---------- EXERCISE INPUT ----------
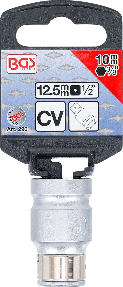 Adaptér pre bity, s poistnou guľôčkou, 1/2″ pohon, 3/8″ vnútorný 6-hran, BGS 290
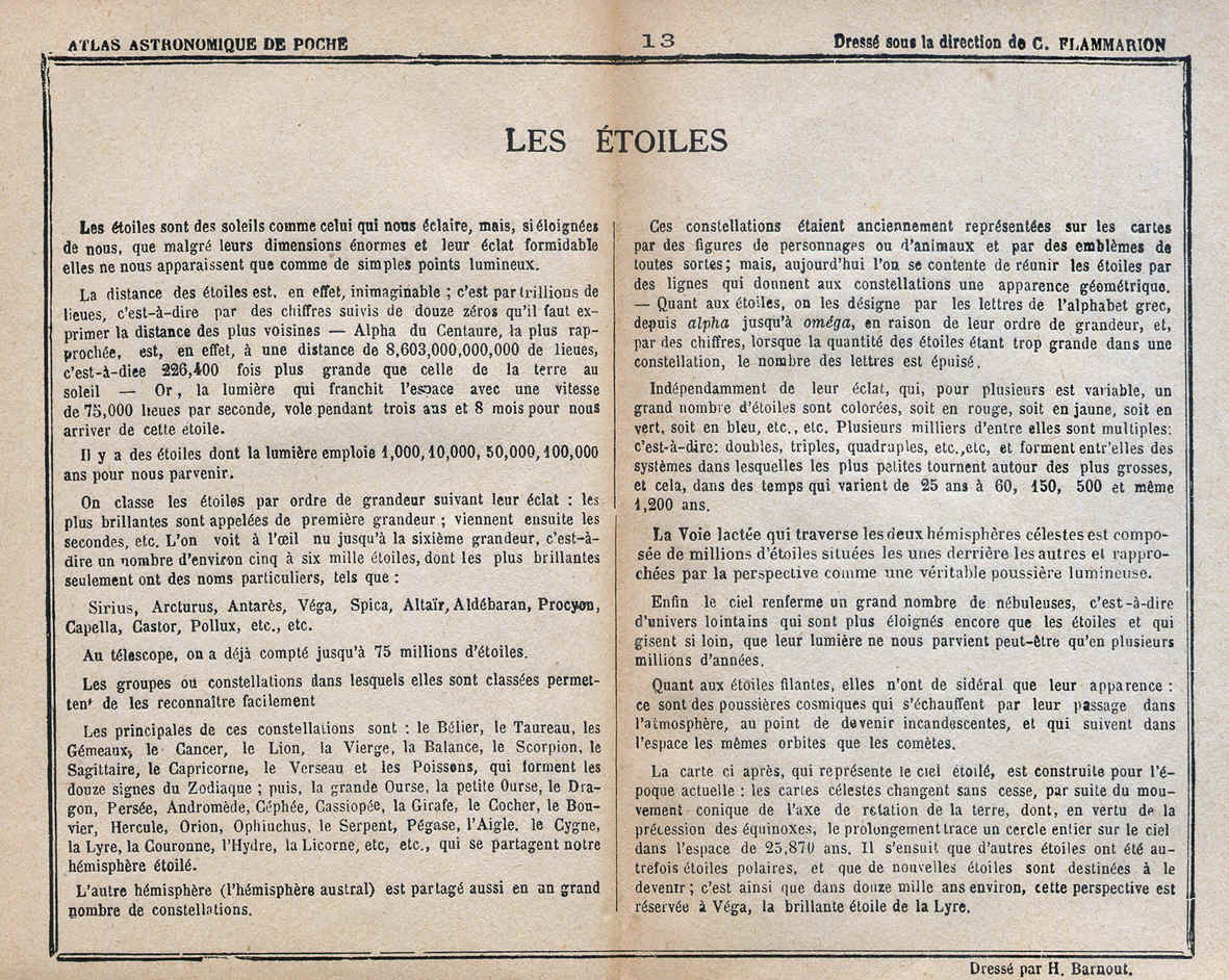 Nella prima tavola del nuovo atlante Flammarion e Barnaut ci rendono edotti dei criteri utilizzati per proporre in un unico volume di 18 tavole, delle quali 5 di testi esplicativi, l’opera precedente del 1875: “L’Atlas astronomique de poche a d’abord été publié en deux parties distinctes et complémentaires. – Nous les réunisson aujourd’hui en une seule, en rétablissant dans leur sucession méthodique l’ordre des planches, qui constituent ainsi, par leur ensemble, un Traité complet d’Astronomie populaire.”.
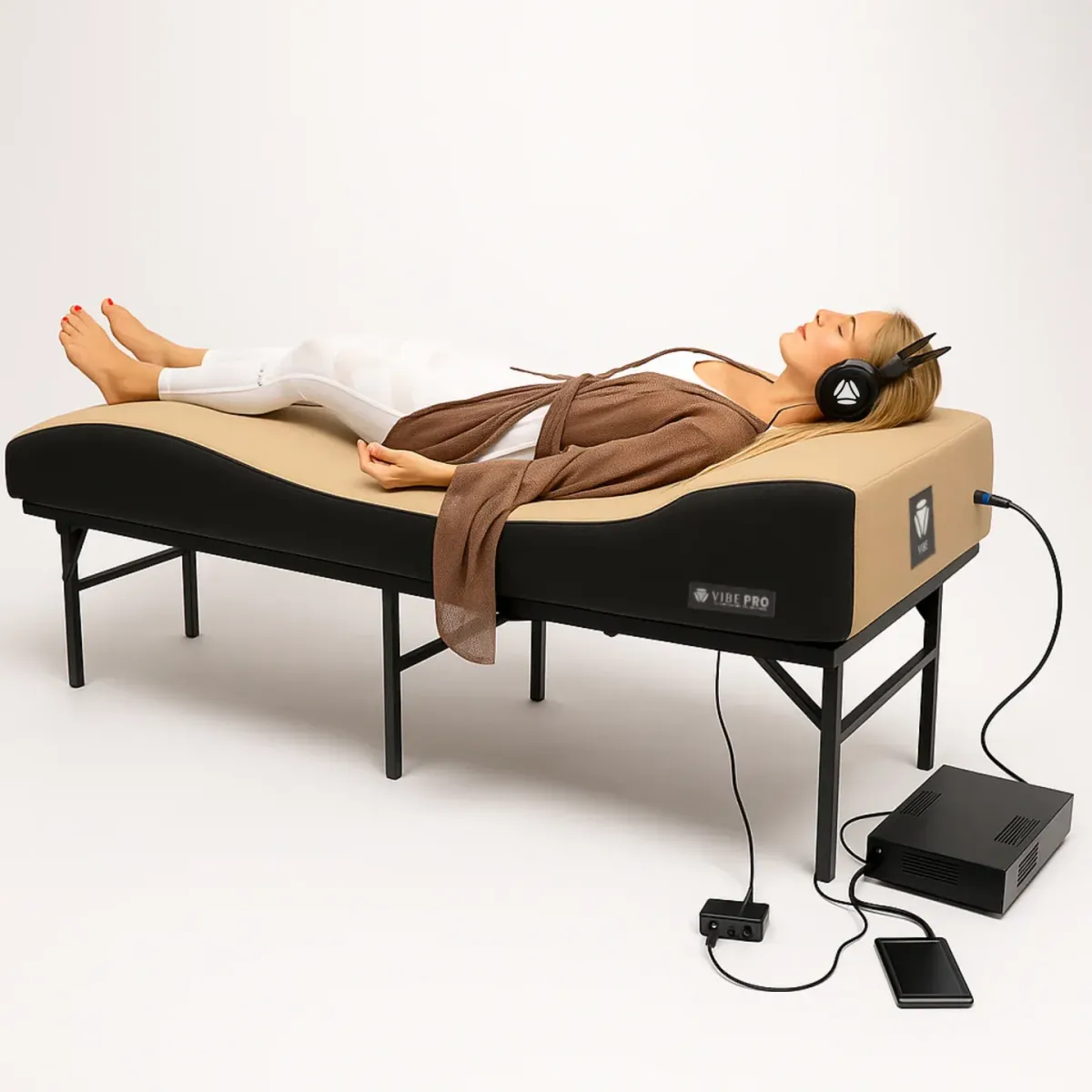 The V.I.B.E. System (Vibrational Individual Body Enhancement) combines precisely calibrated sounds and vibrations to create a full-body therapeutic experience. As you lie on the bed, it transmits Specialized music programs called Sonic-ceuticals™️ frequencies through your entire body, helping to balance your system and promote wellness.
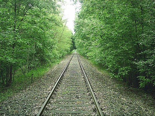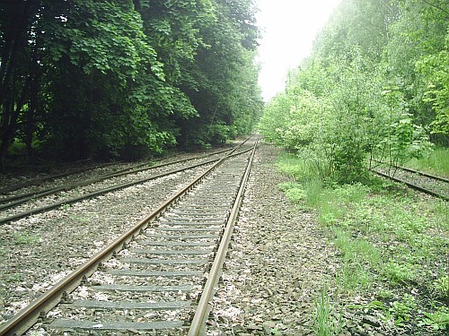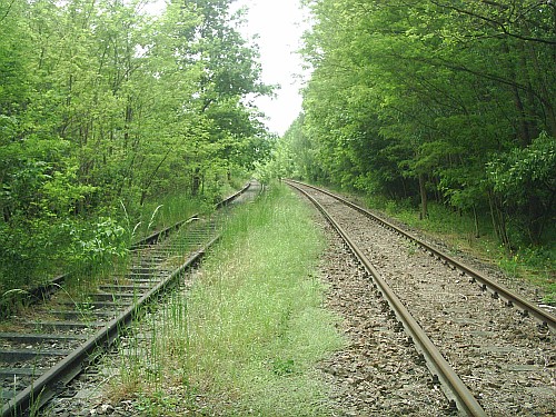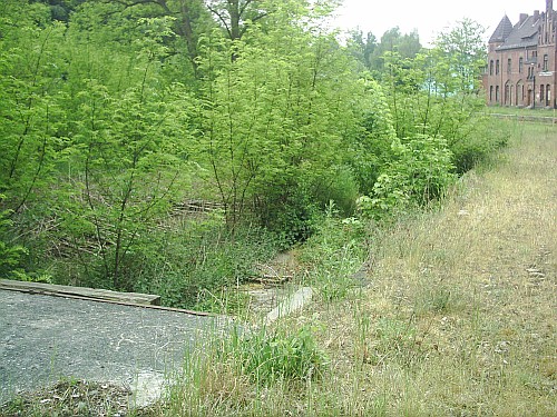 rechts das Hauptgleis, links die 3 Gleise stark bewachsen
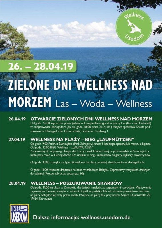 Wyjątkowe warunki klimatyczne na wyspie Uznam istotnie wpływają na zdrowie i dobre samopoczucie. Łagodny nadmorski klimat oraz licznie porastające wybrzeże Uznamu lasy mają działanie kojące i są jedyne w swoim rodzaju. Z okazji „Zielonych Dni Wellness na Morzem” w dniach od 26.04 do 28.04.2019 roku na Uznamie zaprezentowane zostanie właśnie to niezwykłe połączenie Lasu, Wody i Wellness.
----------
---------- EXERCISE INPUT ----------
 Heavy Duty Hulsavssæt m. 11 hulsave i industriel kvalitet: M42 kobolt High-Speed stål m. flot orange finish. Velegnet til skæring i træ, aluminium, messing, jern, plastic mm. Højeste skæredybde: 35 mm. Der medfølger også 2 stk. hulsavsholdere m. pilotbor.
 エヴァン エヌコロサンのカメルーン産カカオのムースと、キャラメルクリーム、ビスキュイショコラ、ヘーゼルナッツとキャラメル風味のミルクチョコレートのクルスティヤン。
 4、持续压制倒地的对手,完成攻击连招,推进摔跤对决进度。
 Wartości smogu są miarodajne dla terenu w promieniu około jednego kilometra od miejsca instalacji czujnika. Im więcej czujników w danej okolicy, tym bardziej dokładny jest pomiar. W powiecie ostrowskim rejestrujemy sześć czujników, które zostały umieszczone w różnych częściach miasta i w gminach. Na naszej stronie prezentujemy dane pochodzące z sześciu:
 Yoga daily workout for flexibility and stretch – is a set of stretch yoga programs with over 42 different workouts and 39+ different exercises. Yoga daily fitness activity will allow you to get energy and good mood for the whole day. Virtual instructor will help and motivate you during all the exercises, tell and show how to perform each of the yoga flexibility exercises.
----------
---------- EXERCISE INPUT ----------
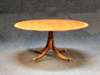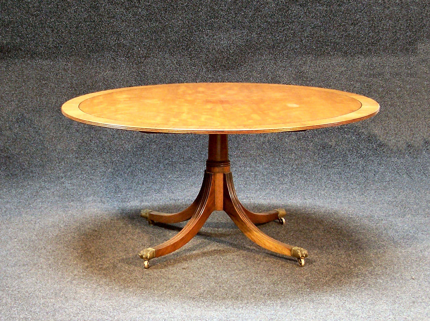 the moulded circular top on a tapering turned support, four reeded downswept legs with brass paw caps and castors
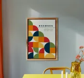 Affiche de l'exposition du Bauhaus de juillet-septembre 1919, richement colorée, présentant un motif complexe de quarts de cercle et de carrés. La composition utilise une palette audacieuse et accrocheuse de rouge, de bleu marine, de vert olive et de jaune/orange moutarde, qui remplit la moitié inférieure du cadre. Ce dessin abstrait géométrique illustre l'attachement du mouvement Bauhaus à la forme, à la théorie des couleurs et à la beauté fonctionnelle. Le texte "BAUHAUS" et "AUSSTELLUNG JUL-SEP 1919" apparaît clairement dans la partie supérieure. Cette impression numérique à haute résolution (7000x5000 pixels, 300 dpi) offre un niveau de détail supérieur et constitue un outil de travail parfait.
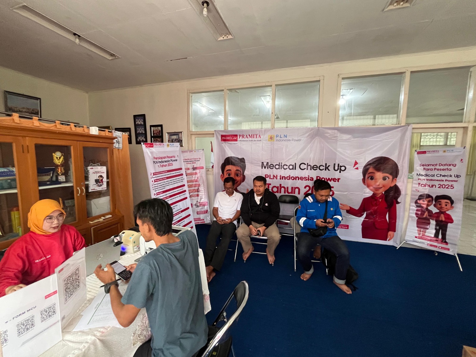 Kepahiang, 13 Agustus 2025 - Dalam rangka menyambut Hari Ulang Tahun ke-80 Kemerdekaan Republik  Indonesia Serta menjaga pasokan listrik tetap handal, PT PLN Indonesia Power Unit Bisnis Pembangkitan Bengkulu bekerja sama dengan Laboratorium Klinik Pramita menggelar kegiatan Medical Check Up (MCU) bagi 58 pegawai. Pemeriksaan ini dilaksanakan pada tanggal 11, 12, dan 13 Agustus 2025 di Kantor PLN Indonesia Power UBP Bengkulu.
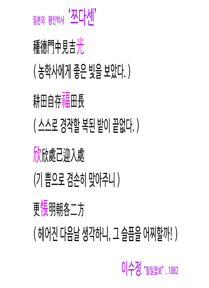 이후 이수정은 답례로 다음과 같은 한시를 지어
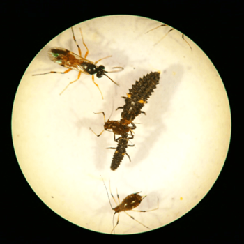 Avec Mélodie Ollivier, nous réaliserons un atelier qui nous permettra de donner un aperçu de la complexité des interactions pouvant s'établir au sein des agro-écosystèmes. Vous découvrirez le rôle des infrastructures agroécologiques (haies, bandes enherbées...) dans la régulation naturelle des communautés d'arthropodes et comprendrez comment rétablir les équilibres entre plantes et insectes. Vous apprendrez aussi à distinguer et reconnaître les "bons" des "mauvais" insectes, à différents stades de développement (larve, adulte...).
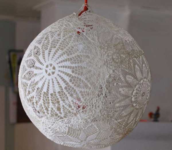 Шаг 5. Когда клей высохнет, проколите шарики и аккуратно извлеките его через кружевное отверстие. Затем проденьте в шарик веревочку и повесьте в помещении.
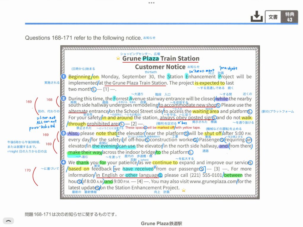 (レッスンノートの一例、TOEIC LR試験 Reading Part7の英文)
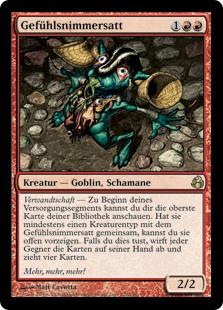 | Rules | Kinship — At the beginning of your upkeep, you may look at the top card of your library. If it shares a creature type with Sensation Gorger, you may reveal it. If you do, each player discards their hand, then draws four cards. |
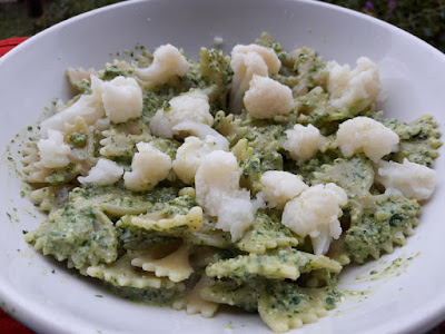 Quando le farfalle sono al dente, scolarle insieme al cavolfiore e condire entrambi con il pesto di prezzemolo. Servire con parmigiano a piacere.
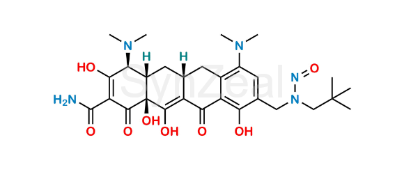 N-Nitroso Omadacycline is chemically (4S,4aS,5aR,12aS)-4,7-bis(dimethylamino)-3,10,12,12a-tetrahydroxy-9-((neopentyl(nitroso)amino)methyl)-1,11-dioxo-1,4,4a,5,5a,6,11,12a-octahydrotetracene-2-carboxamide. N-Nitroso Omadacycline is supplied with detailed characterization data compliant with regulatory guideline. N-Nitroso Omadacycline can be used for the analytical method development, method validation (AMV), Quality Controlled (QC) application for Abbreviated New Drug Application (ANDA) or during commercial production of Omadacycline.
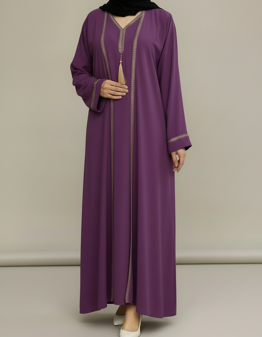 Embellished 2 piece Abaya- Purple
----------
TASK BRIEF — What belongs in the answer is each line above from the line with "Adaptér pre bity, s" to the line with "The V.I.B.E. System", inclusive, reproduced exactly and free of pictures.

REPLY TO THE TASK —
 Adaptér pre bity, s poistnou guľôčkou, 1/2″ pohon, 3/8″ vnútorný 6-hran, BGS 290
 Nella prima tavola del nuovo atlante Flammarion e Barnaut ci rendono edotti dei criteri utilizzati per proporre in un unico volume di 18 tavole, delle quali 5 di testi esplicativi, l’opera precedente del 1875: “L’Atlas astronomique de poche a d’abord été publié en deux parties distinctes et complémentaires. – Nous les réunisson aujourd’hui en une seule, en rétablissant dans leur sucession méthodique l’ordre des planches, qui constituent ainsi, par leur ensemble, un Traité complet d’Astronomie populaire.”.
 The V.I.B.E. System (Vibrational Individual Body Enhancement) combines precisely calibrated sounds and vibrations to create a full-body therapeutic experience. As you lie on the bed, it transmits Specialized music programs called Sonic-ceuticals™️ frequencies through your entire body, helping to balance your system and promote wellness.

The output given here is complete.